Friday, February 19, 2010

Radio Stations in the cross-hairs

The recording industry wants to impose a performance tax that would financially hurt local radio stations, stifle new artists and harm the listening public who rely on free local radio.

For more than 80 years, radio and the recording industry have enjoyed a mutually beneficial relationship: free play for free promotion. And it works. It’s a relationship that has sustained businesses on both sides.
In fact, radio’s free promotion of artists translates to as much as $2.4 billion annually in music sales for record labels and artists. And this doesn’t even include the enormous revenues they receive from concerts and merchandising.
But the labels–like many businesses–are struggling in this economy. They have failed to adapt to the digital age, and find their business model is broken. And now they want to impose a fee called a performance tax on local radio stations to subsidize their losses.
A performance tax would threaten the local radio stations that communities depend on. It would financially hamstring stations, stifle new artists and harm the listening public who rely on free local radio.

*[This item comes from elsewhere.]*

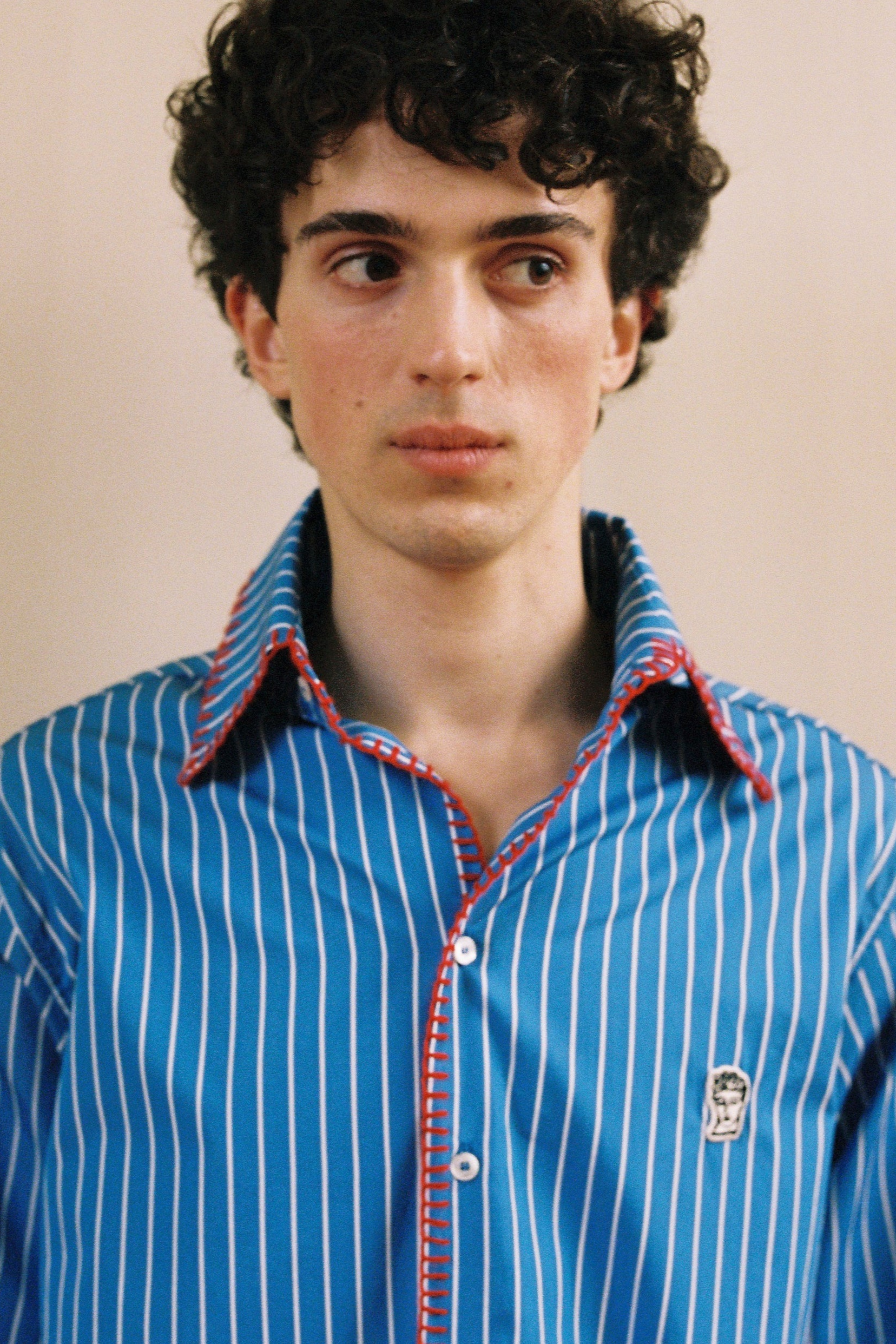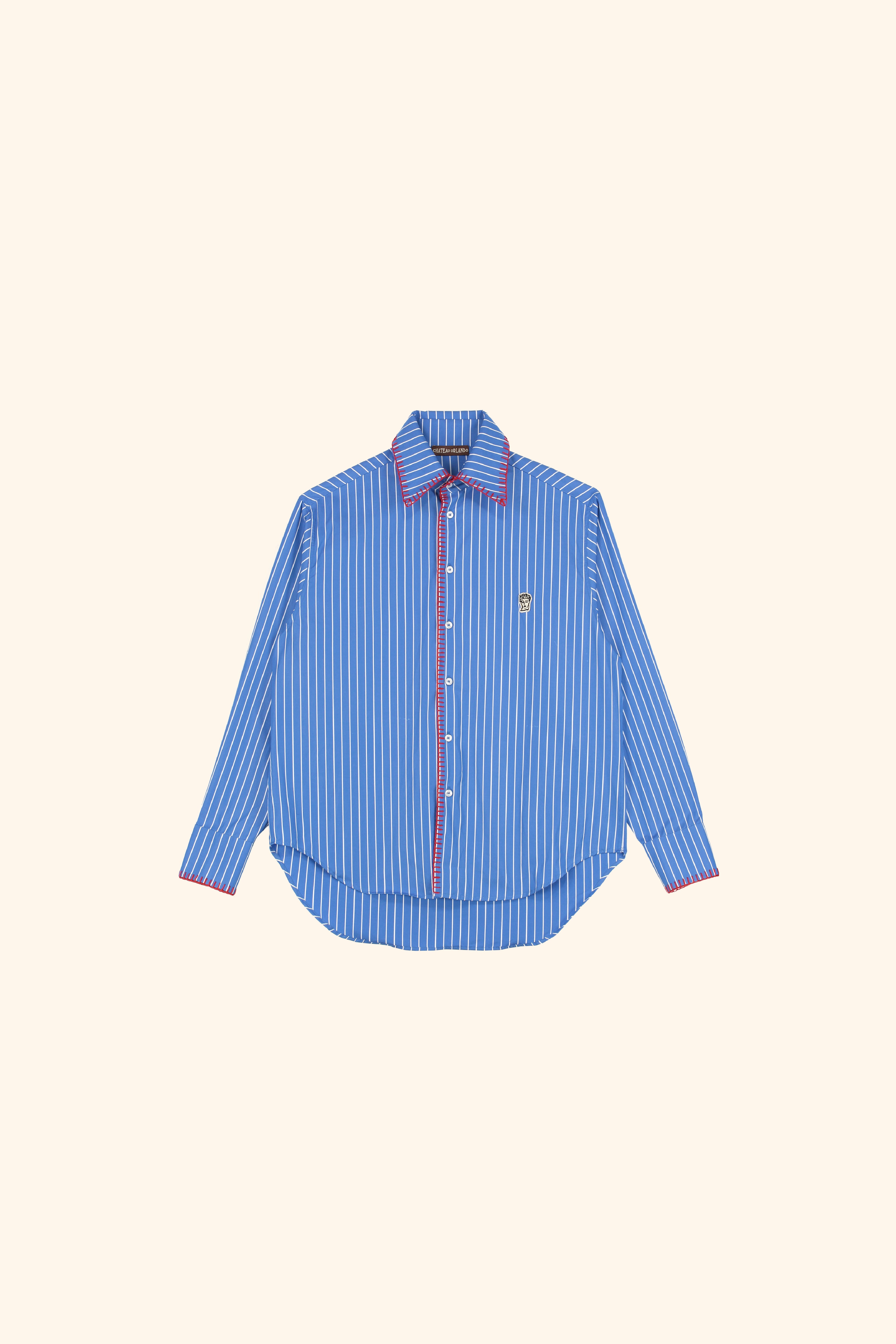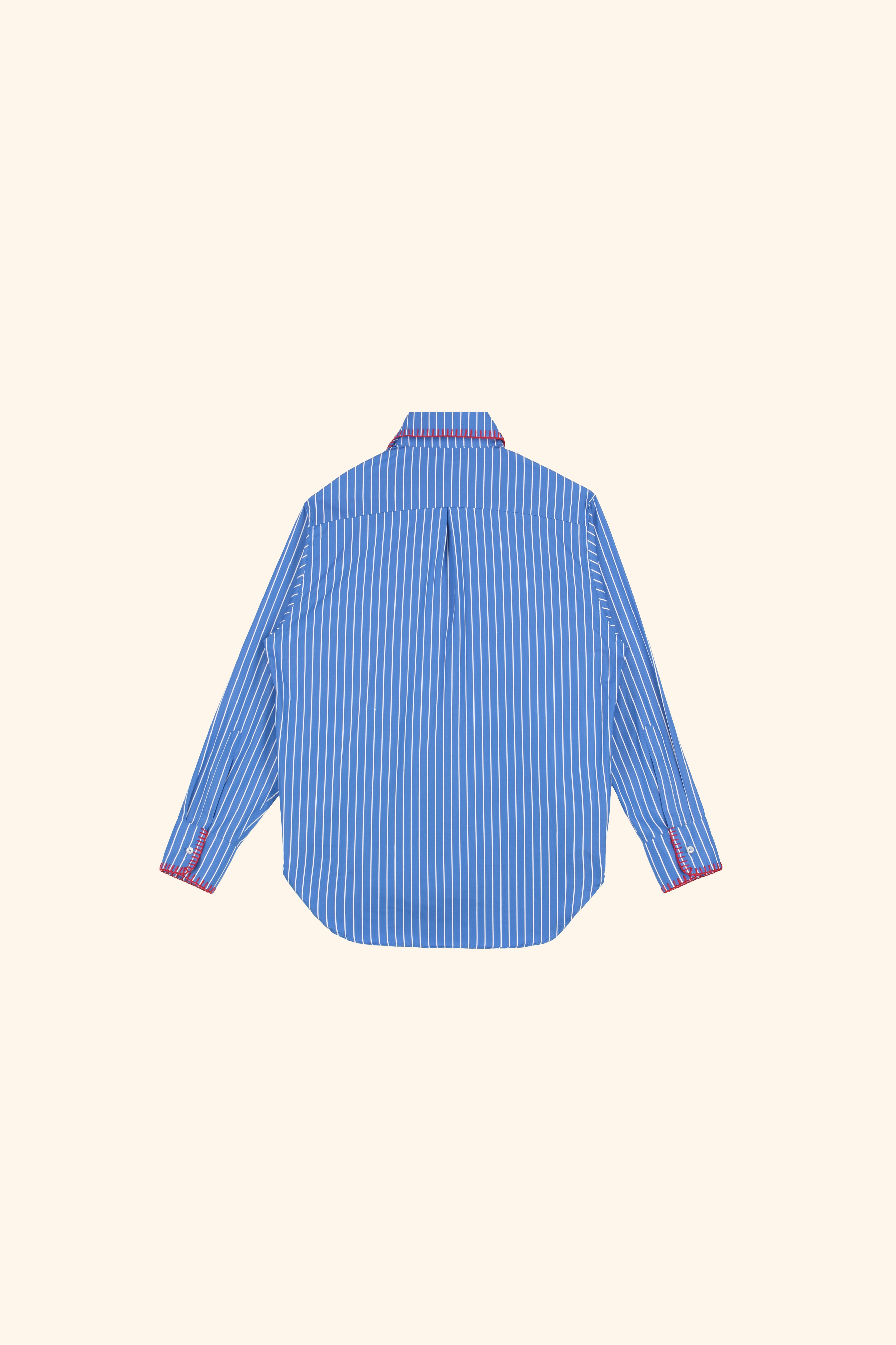 Striped cotton long-sleeved shirt with blanket stitch detail on the collar, placket and cuffs
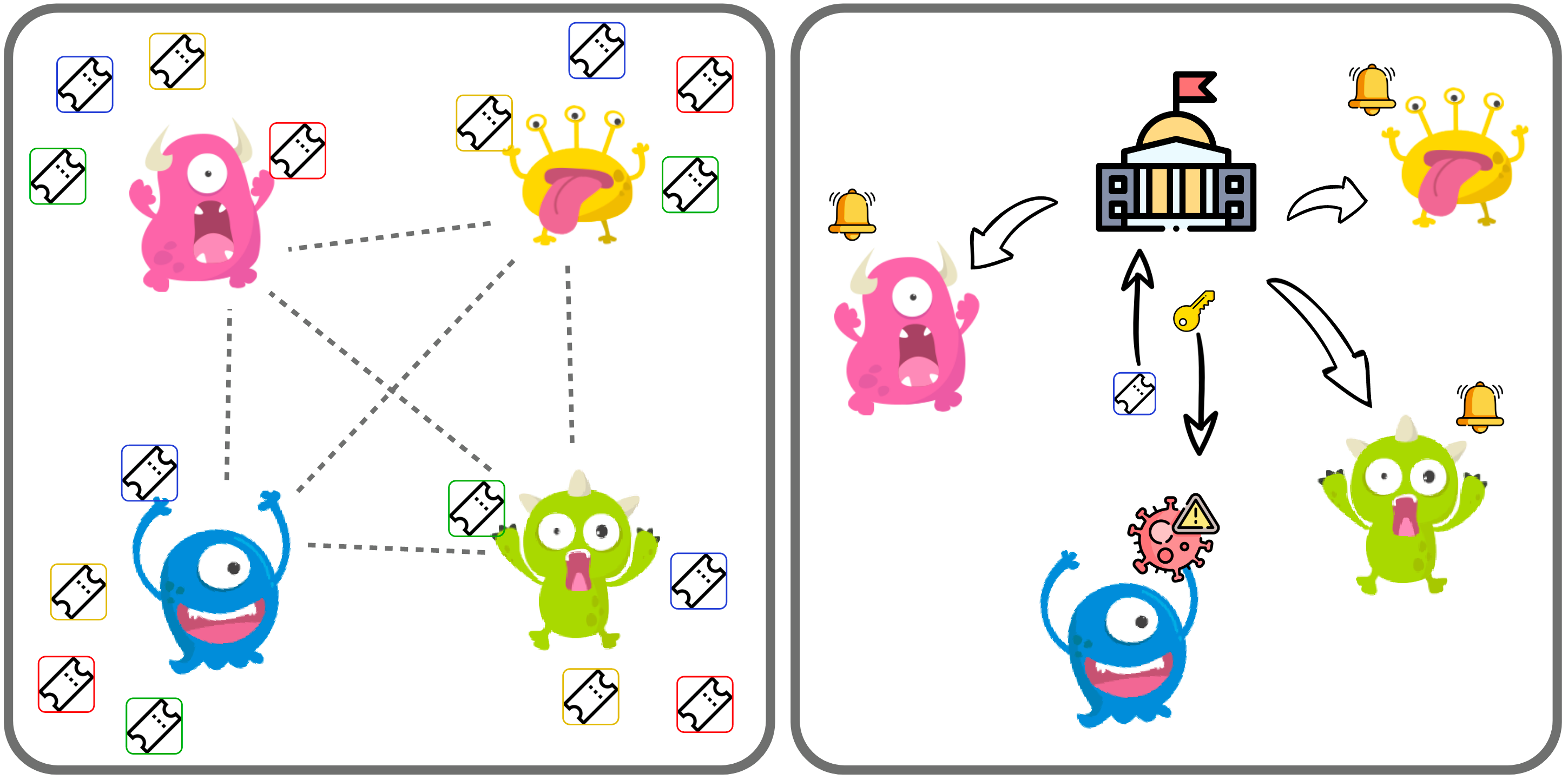 大家下載『台灣社交距離 App』了嗎 🧐 但是大家是不是擔心資料安全性的問題呢?? 今天小編來跟大家解釋一下他的運作原理吧 😎 為什麼會有這個 App 的出現呢 ⁉️ 很簡單 我們都不會想把我們的資料公開出去 但是為了快速的知道確診者😷接觸過誰 Google 和 Apple 共同提出了一個技術協議 👉 接觸通知 API (Exposure Notification API) 讓大家可以在『匿名』情況下彼此分享過去的行蹤 這樣是不是感覺安全多了啊~~ 這個通知系統背後靠的就是『藍芽』與『隨機ID』的技術 用一個小小的故事來跟大家講講吧 👩🏫 今天四隻小怪獸一起出去玩而且都帶著手機 在一般的狀況下手機會自動發送『隨機識別碼 🏷』 (p.s. 後面『隨機識別碼』都會用 🏷 代表喔 ) 也會自動接收並儲存別人的 🏷 所以怪獸們的手機都有收到別人的 🏷 很不幸小藍他確診了 😥😭 政府就會提供他一組『驗證碼 🔑』 請小藍上傳手上搜集到的 🏷 大家的手機就會『定期下載』所有確診者的 🏷 來去比對自己有沒有接觸過這個人 比對過後小黃😱發現他和小藍接觸過 手機就會跳出通知他『主動』和衛生單位聯繫📞 這就是『台灣社交距離 App』背後運作原理 捧友們有比較清楚了嗎 XDDDD

Read the complete article here: http://www.noperformancetax.org/Radio%20at%20Risk


#1. If you were an up and coming band or artist how would you feel about this fee?

#2. How else could the recording industry create revenue and still allow radio to play music for free?

1 comment:

Corey Lawson said...

Coming from the standpoint of someone trying to make way into the music business AND a musician, I believe it could be interpreted different ways, but it seems to be a bad move on their part. There's many other ways record labels could be generating revenue. They're just not thinking in terms of the digital age. The income generated by the tax may seem appealing, but I think it would ruin new music. So many radio stations would go out of business, and up and coming artists would be thrown out of the loop, which is not smart because that is where the business is now. Record labels need to realize that royalties, performance fees, etc.. is not where the money is anymore. It's in concerts, merch, and advertising.. One idea to generate money and still allow free radio play is to offer free music downloads BUT have advertisements running on the download site and charge a fee to the advertisers every time a song is downloaded.. As a side note, Record labels are just about dead anyways. Like the Long Tail says, this century is not about conglomerates, but about the individual. With today's recording technology, anyone can produce radio quality recordings. These are the people that will run the industry before too long. They should decide who and what gets on the radio.